Mit dem Wahlergebnis in Mecklenburg Vorpommern wird immer deutlicher, dass die Flüchtlingsfrage weniger die Ursache der AfD-Erfolge ist, als ein willkommener Anlass – ein Katalysator der unterschiedlichsten Unzufriedenheiten. Nirgendwo wird dies deutlicher als in Mecklenburg Vorpommern. Dass man sich in Mecklenburg Vorpommern von Flüchtlingen bedroht sieht, löst bei genauer Betrachtung der Lage Kopfschütteln aus. Denn während in Schwerin auf 1.000 Einwohner nur 0,69 Flüchtlinge kommen, sind es in Berlin 4,5. Geradezu paradox scheint es, dass die AfD bei einem so geringen Flüchtlingsanteil wie in Mecklenburg Vorpommern auf 20,8 Prozent kommt, während ihr in Berlin bei einem dreimal so hohen Flüchtlingsanteil nur 10 Prozent vorhergesagt werden. Und anders als in Berlin muss in Mecklenburg Vorpommern auch niemand fürchten, dass durch die Flüchtlinge der Wohnraum knapp wird, weil es in Schwerin zum Beispiel mehr freistehende kommunale Wohnungen als Asylbewerber gibt. Wenn man sich also in Mecklenburg Vorpommern Sorgen um die Flüchtlingsströme macht, so hat das nichts mit der eigenen Erfahrung zu tun.

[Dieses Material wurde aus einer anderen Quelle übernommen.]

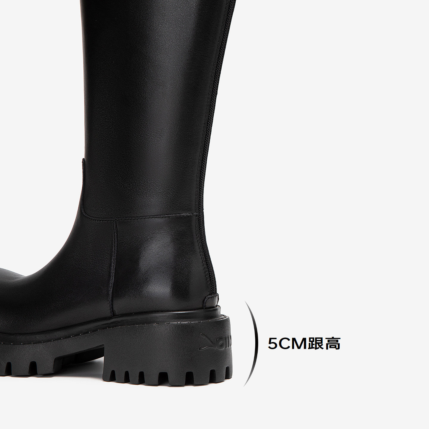 吴宣仪天美意千金靴复古厚底骑士靴加绒长靴女鞋子新款时装靴皮靴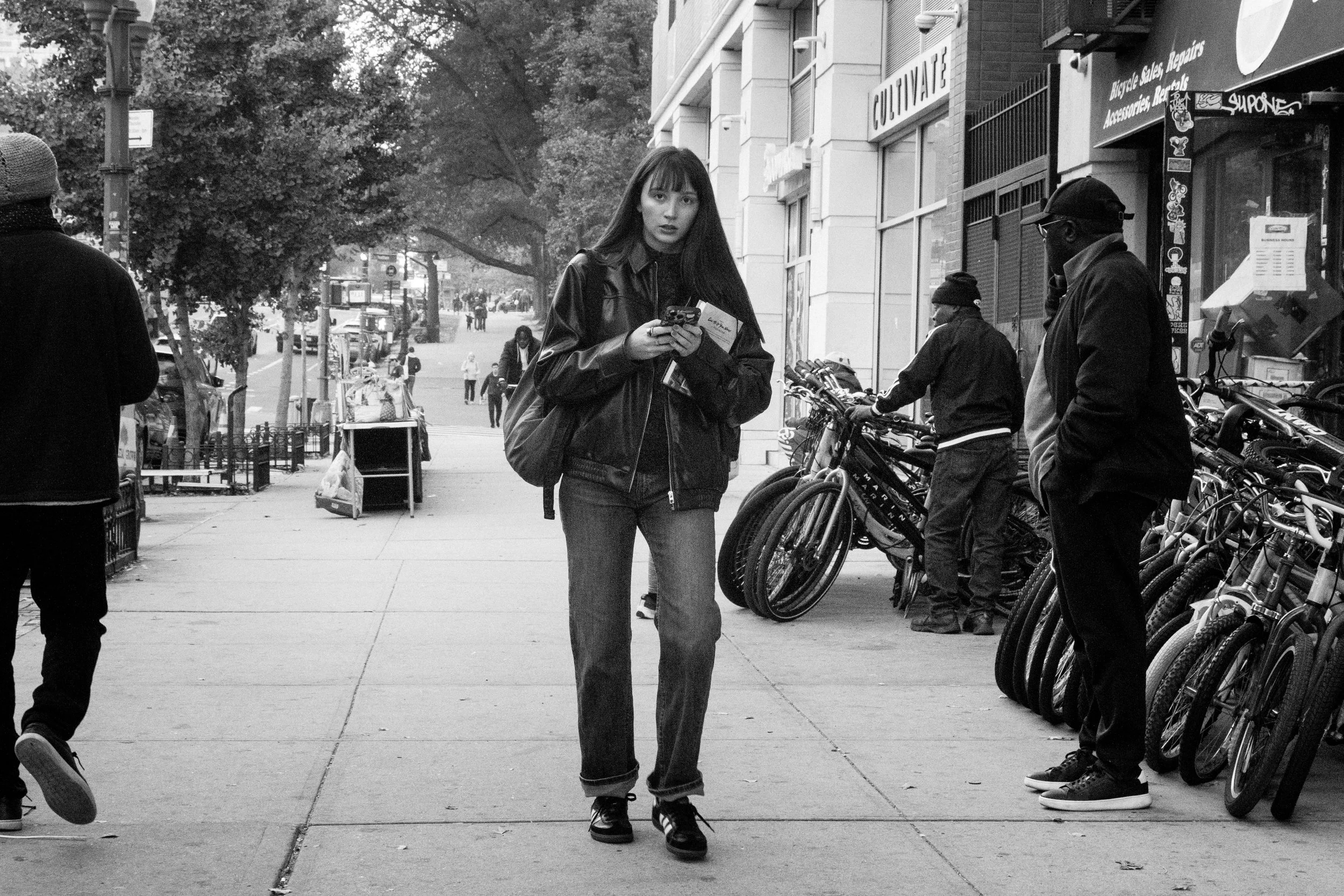 A young woman walking on a city sidewalk while looking at her phone, with bikers and trees in the background. View fullsize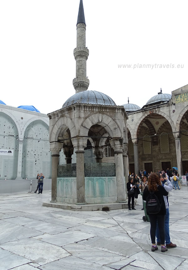 The significance of the new mosque was evidenced by the fact that it was located near the Topkapi Palace. At that time Palace was the main seat of the Sultan. Along with the mosque, a complex of public buildings was created: a Muslim school, merchants’ halls, soup kitchens for the poor, a hospital, a mausoleum and a caravanserai.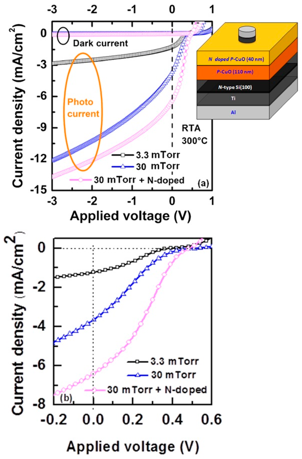 (a) Comparison of dark current and photocurrent densities of p-CuO/n-Si heterojunction solar cells with CuO deposited at 3.3 and 30 mTorr working pressures. The open circuit voltage and photocurrent increased significantly for the sample deposited under high working pressure. Inset of the figure shows schematic diagram of nitrogen-doped CuO device; (b) Variation of open circuit voltage and short circuit current of the solar cells © 2014 John Wiley & Sons, Ltd. [41].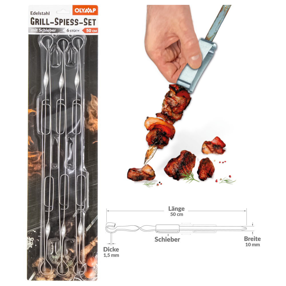 Olymp Grillspieß aus Edelstahl, 6 Stück, Länge 50 cm mit Schieber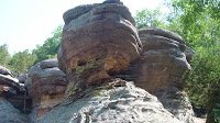 Persuaded Hubby to drive with me over to the big attraction of the Shawnee National Forest, the proverbial Garden of the Gods, a magnificent grouping of rock outcroppings that provide a fantastic view and a nice ¼ mile walk. We also wanted to reconnoiter the area to see about trailering the horses over tomorrow, since it seems there are bridle paths throughout the area. It was a great time, the walk and views were fabulous, and we found the trailhead where apparently horses were allowed. As we were driving back, we noticed a group of horse trailers parked along a bare patch of the road, we thought it looked like a private campground so we pulled in to chat. Turns out there’s a small cabin and a lot of corrals which are shared by a group of riders, kind of a neat cooperative! Anyway, they were very nice, very helpful, gave us some good ideas, showed us some maps, which gave us some ideas. They also recommended we check out Pine Knob, a private campground with well recommended trails (a passing ranger had said the same thing ath Cadiz Camp), so we headed out there, if nothing else but to satisfy our curiousity. It was closer to the camp than Garden of the Gods, but we had to go up several miles of a dirt and gravel road to get there. It turned out to be quite disappointing, actually, little more than an open field with horse trailers parked willy-nilly, a string of highlines along each edge of the parking area, no notable features except that scattered throughout the area they had humorously put up facades of typical wild west buildings, like “livery” and “jail” and “post office.” They had an actual camp store (essentially a metal barn), and we went in to get the particulars. Had a chat with a girl with a stud in her nose about day parking, and she was nice enough to give us a Shawnee Forest Map, and to sell us a map of the trails that are around their campground. I don’t know if it was partly because of the heat (it was pushing close to 100 degrees by then) or just the atmosphere of the place, but something just didn’t sit right with us about it, so we decided that rather than park there the following day, we would return to trailhead parking at the Garden of the Gods. We figured if we got there early enough, we would have plenty of room the park the trailer, even though the lot was just about full when we had gone through there earlier, no doubt busier than usual because it was Memorial Day weekend. We wanted to beat the heat anyway, so early it would be! After some initial reluctance, Hubby ended up enjoying the day, the walk, and the exploring, so we celebrated with a steak and had an early night.

Auch was die politische Unzufriedenheit angeht, so betrifft sie vielleicht die Bundes-, nicht aber die Landespolitik. Nach einer Vorwahl-Umfrage der ARD gaben 58 Prozent der Befragten in Mecklenburg Vorpommern an, dass sie mit der Arbeit der Landesregierung zufrieden sind, 67 Prozent fühlen sich als „Gewinner der gesellschaftlichen Entwicklung“ und sogar 80 Prozent bezeichnen ihre wirtschaftliche Situation als gut.[1] Der Jahresvergleich zeigt, dass man sich in Mecklenburg Vorpommern noch nie so zufrieden fühlte, wie 2016. Nur in Baden Würtemberg und Bayern wird der Landespolitik noch mehr Anerkennung als in Mecklenburg Vorpommern gezollt. Alles deutet also darauf hin, dass weder die Schweriner Flüchtlingspolitik noch die Arbeit der Landesregierung das Wahlergebnis erklären können. Was aber dann?

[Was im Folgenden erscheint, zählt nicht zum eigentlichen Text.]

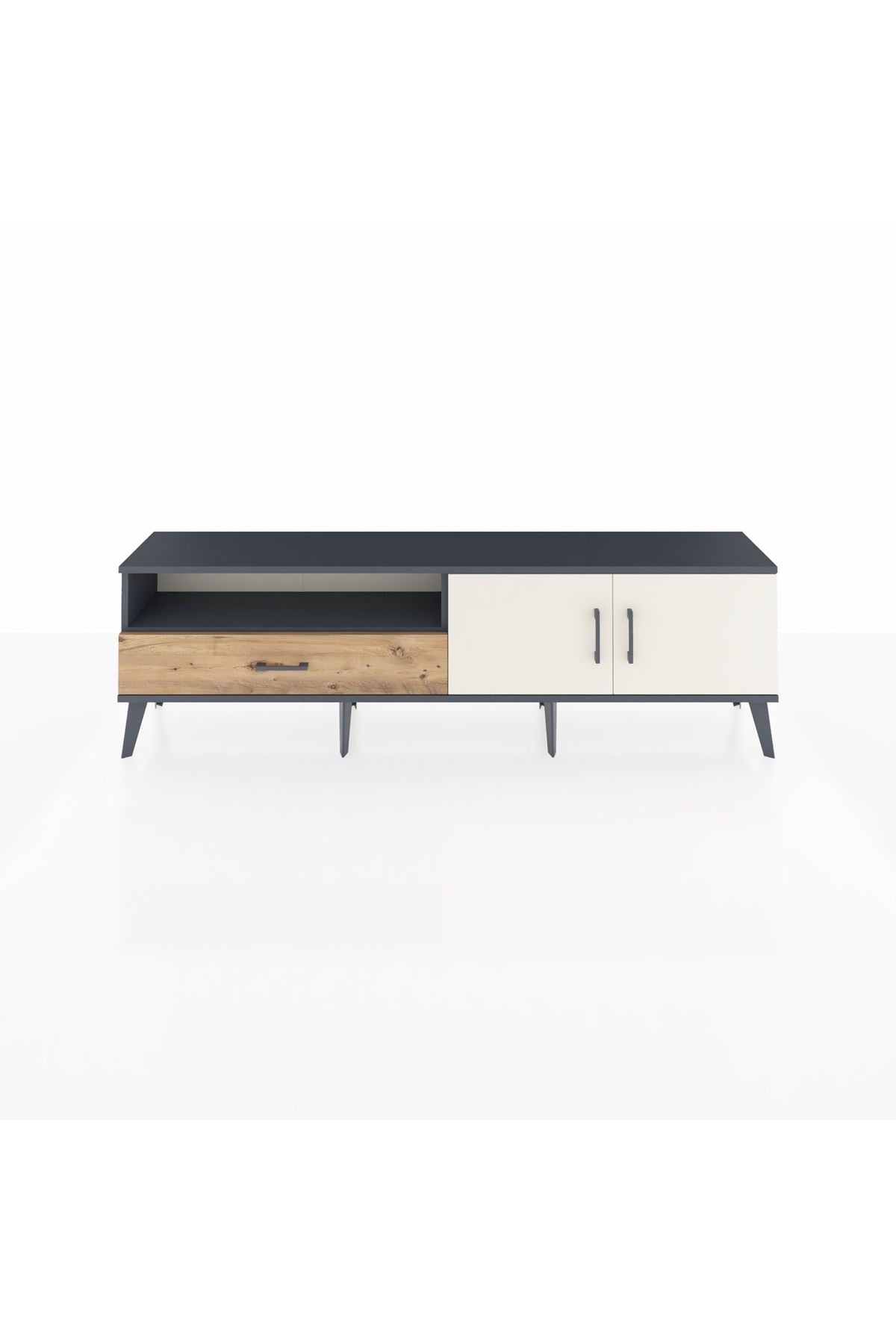 Arges TV Ünitesi 2 Raflı Tek Çekmeceli 2 Kapaklı 176x30x51 Antrasit-Aytaşı/Çam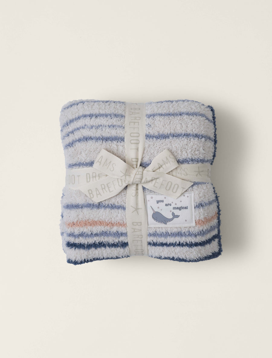 Crafted with soft and cozy CozyChic® material, this Narwhal stroller blanket features a unique stripe artwork design with contrast color tipping at the borders. Complete with a cotton canvas patch of a Narwhal and the inspiring quote "you are magical," this blanket provides both warmth and wonder to your little one. Pairs nicely with our CozyChic® Narwhal Buddie. Imported.
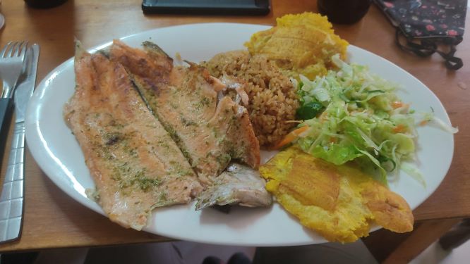 Après ces belles découvertes, nous allons déjeuner dans un restaurant local qui sert des truites à la plancha, enfin un plat non frit !!! Nous finissons tardivement car le service est plutôt lent…

Die BRD ist im Vergleich zu den anderen EU-Ländern geradezu ein Hort der Stabilität: Die Arbeitslosenzahlen sinken, es gibt mehr Ausbildungsplätze als Bewerber, die Preise sind stabil und Schäuble legt mehr Milliarden auf die hohe Kante, als der Bund für die Flüchtlinge locker macht. Sicher, die soziale Spaltung nimmt zu, doch das ist eine statistische Größe, die offenbar nicht mit dem Lebensgefühl der Mehrheitsgesellschaft übereinstimmt. Denn bei ihnen dominiert mit 73 Prozent die Angst vor Terror und Kriegsgefahr, gefolgt von der Sorge, dass die Herrschenden die Entwicklung nicht mehr im Griff haben und die Krise der EU in ein ähnliches wirtschaftliches Desaster führen könnte, wie die noch gut in Erinnerung gebliebene Finanzkrise.[2]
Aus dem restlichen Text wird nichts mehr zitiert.